DATA TO USE below:

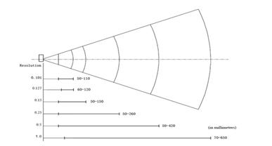 PCS 0.9 Code 3970 - / 2.76 - ( / 39 mil),50 - / 1.97 - ( / 20 mil),50 - / 1.97 - ( / 10 mil),50 - / 1.97 - ( / 6 mil),60- / 2.36 - ( / 5 mil)50- / 1.97 - (   / 4 mil)景深
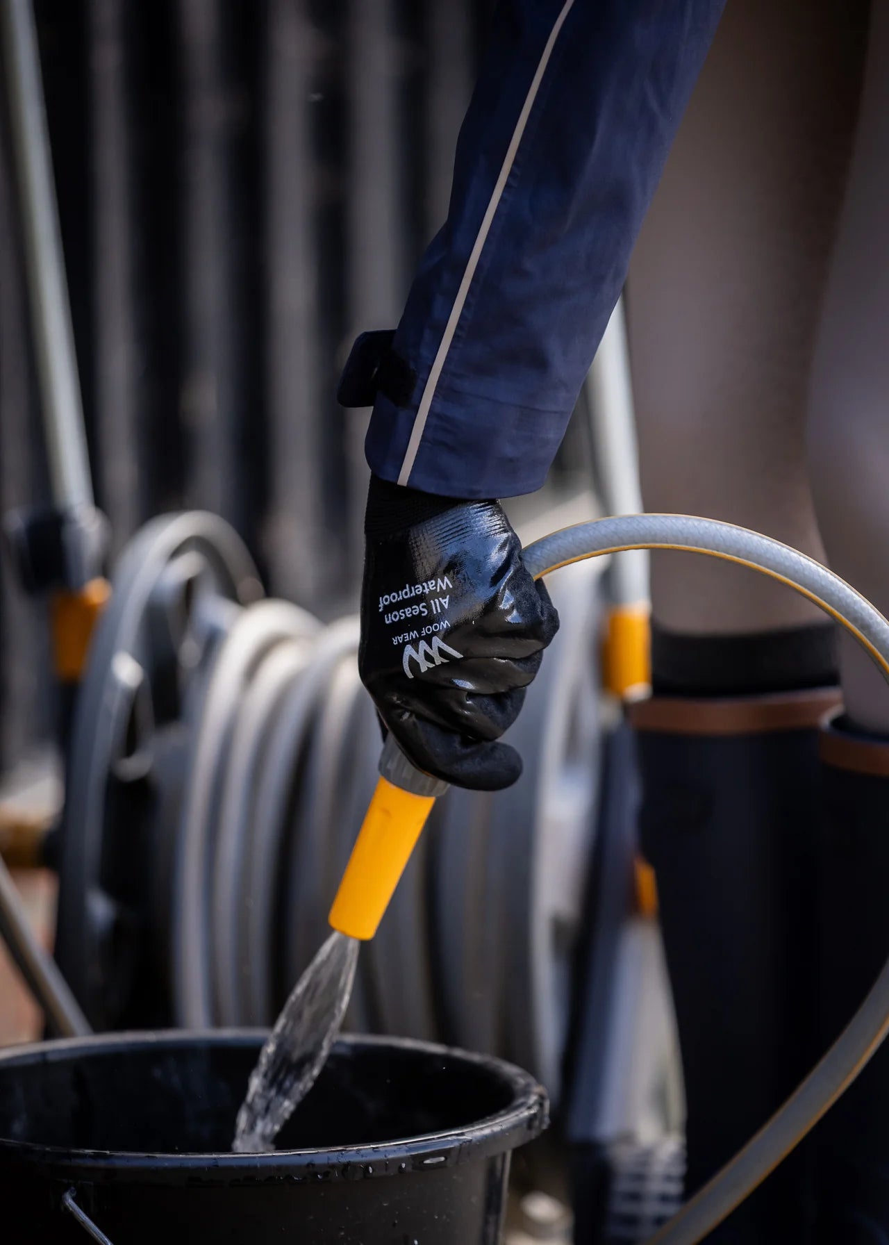 The All Season Waterproof Yard Glove is the perfect year-round glove for all types of work. Made with a durable nitrile coating, the glove is waterproof and designed to maintain a strong grip in both wet and dry conditions. The nitrile material ensures superior protection against water, oils, and dirt, while offering flexibility and comfort. This glove is perfect for equestrians who need a dependable, all-weather glove for daily tasks in the stable or out in the field.
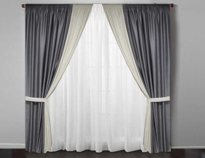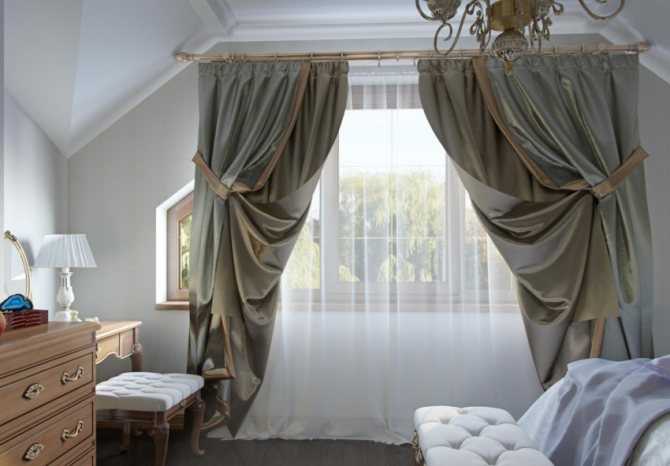На занавески крепят каскад держателей, чтобы окна оказались в обрамлении двух пережатых в нескольких местах столбиков.
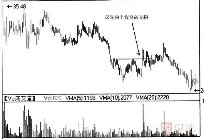 在雙底形態(tài)形成過(guò)程中,股價(jià)未構(gòu)成對(duì)頸線的有效突破,就可能形成雙底陷阱。通常,雙底陷阱有兩種類(lèi)型:
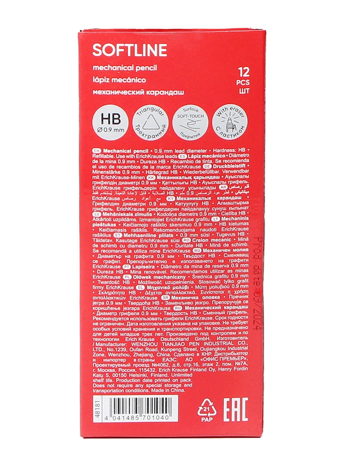 Карандаш механический ErichKrause "SoftLine", НВ, грифель d=0.9 мм, черный, в коробке — Характеристики
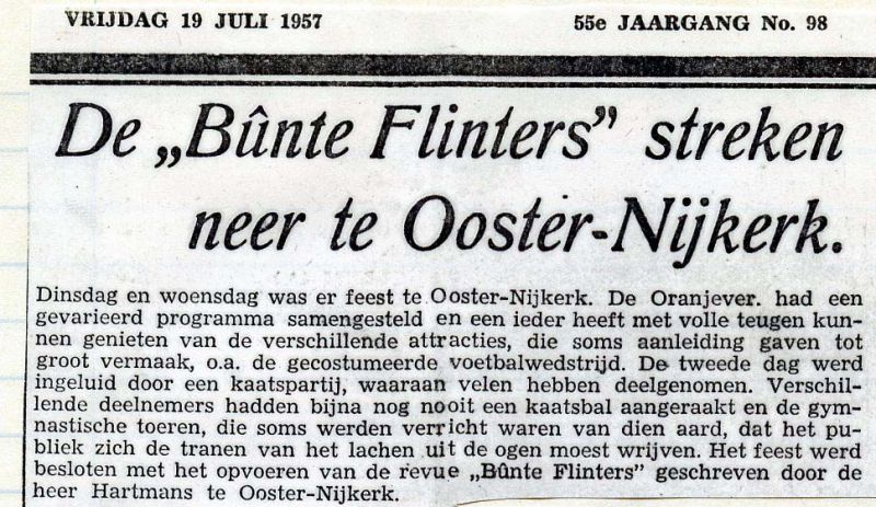 In de jaren ’80 van de vorige eeuw nam de toneelploeg van Easternijtsjerk de naam ‘De Bûnte Flinters’ aan en in 1991 tijdens de eerste dorpsreünie is de oorspronkelijke voorstelling nog eens opgevoerd.
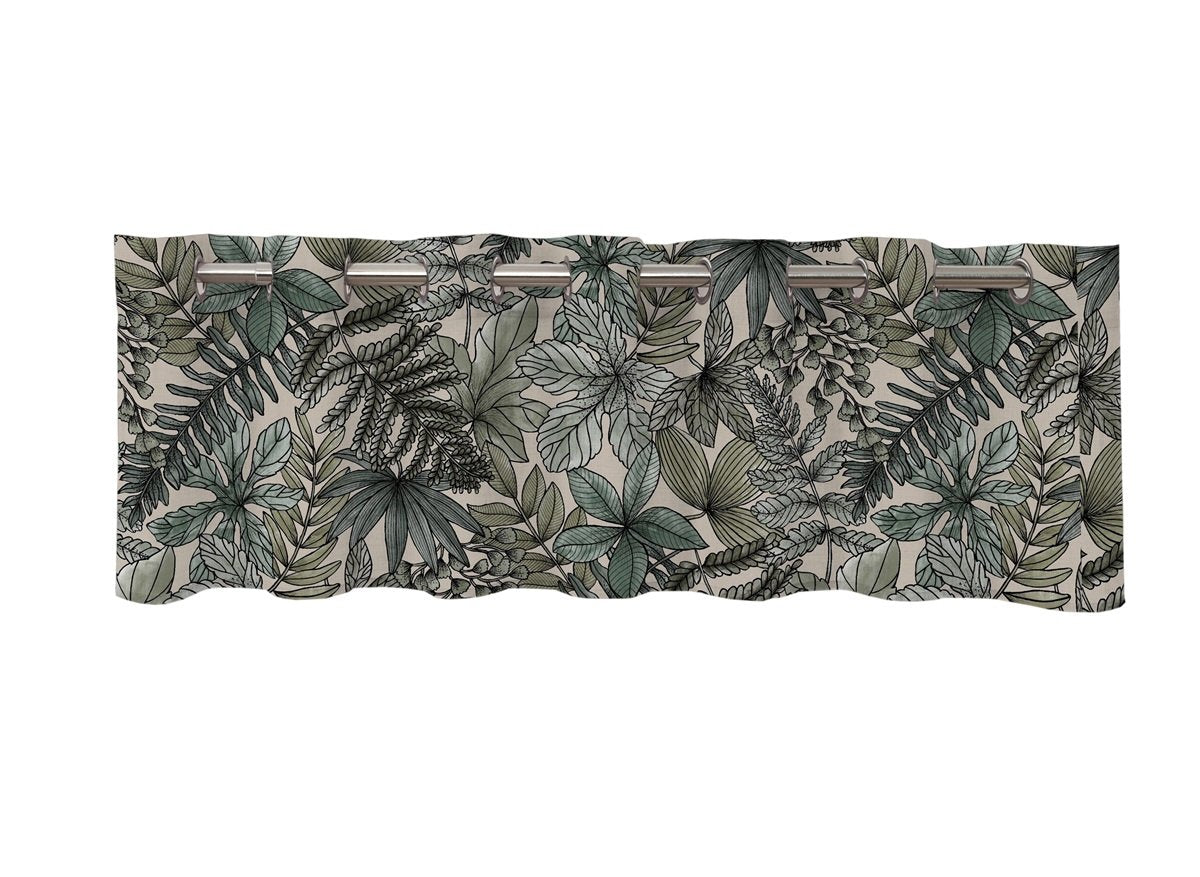 Beskrivning | Färdigsydd öljettkappa i light slub kvalité med vackert lövmönster skapat av svensk designer. |
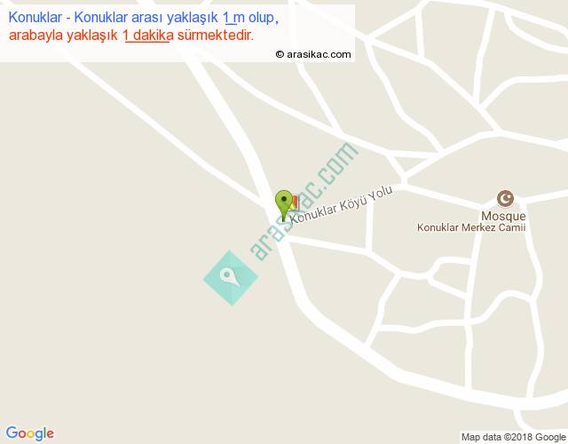 Konuklar - Konuklar arası yaklaşık olarak 90 km/h ile yukarıda belirtilen sürede olup, iki yerin kuş uçuşu uzaklığı (mesafesi) 0'dir. Yolculuk otobüsle 1 dakika sürmektedir.

End of DATA TO USE.

> [ASSIGNED TASK]:
Would you please repeat all the data word for word, but without the pictures?

> [ANSWER]:
 PCS 0.9 Code 3970 - / 2.76 - ( / 39 mil),50 - / 1.97 - ( / 20 mil),50 - / 1.97 - ( / 10 mil),50 - / 1.97 - ( / 6 mil),60- / 2.36 - ( / 5 mil)50- / 1.97 - (   / 4 mil)景深
 The All Season Waterproof Yard Glove is the perfect year-round glove for all types of work. Made with a durable nitrile coating, the glove is waterproof and designed to maintain a strong grip in both wet and dry conditions. The nitrile material ensures superior protection against water, oils, and dirt, while offering flexibility and comfort. This glove is perfect for equestrians who need a dependable, all-weather glove for daily tasks in the stable or out in the field.
На занавески крепят каскад держателей, чтобы окна оказались в обрамлении двух пережатых в нескольких местах столбиков.
 在雙底形態(tài)形成過(guò)程中,股價(jià)未構(gòu)成對(duì)頸線的有效突破,就可能形成雙底陷阱。通常,雙底陷阱有兩種類(lèi)型:
 Карандаш механический ErichKrause "SoftLine", НВ, грифель d=0.9 мм, черный, в коробке — Характеристики
 In de jaren ’80 van de vorige eeuw nam de toneelploeg van Easternijtsjerk de naam ‘De Bûnte Flinters’ aan en in 1991 tijdens de eerste dorpsreünie is de oorspronkelijke voorstelling nog eens opgevoerd.
 Beskrivning | Färdigsydd öljettkappa i light slub kvalité med vackert lövmönster skapat av svensk designer. |
 Konuklar - Konuklar arası yaklaşık olarak 90 km/h ile yukarıda belirtilen sürede olup, iki yerin kuş uçuşu uzaklığı (mesafesi) 0'dir. Yolculuk otobüsle 1 dakika sürmektedir.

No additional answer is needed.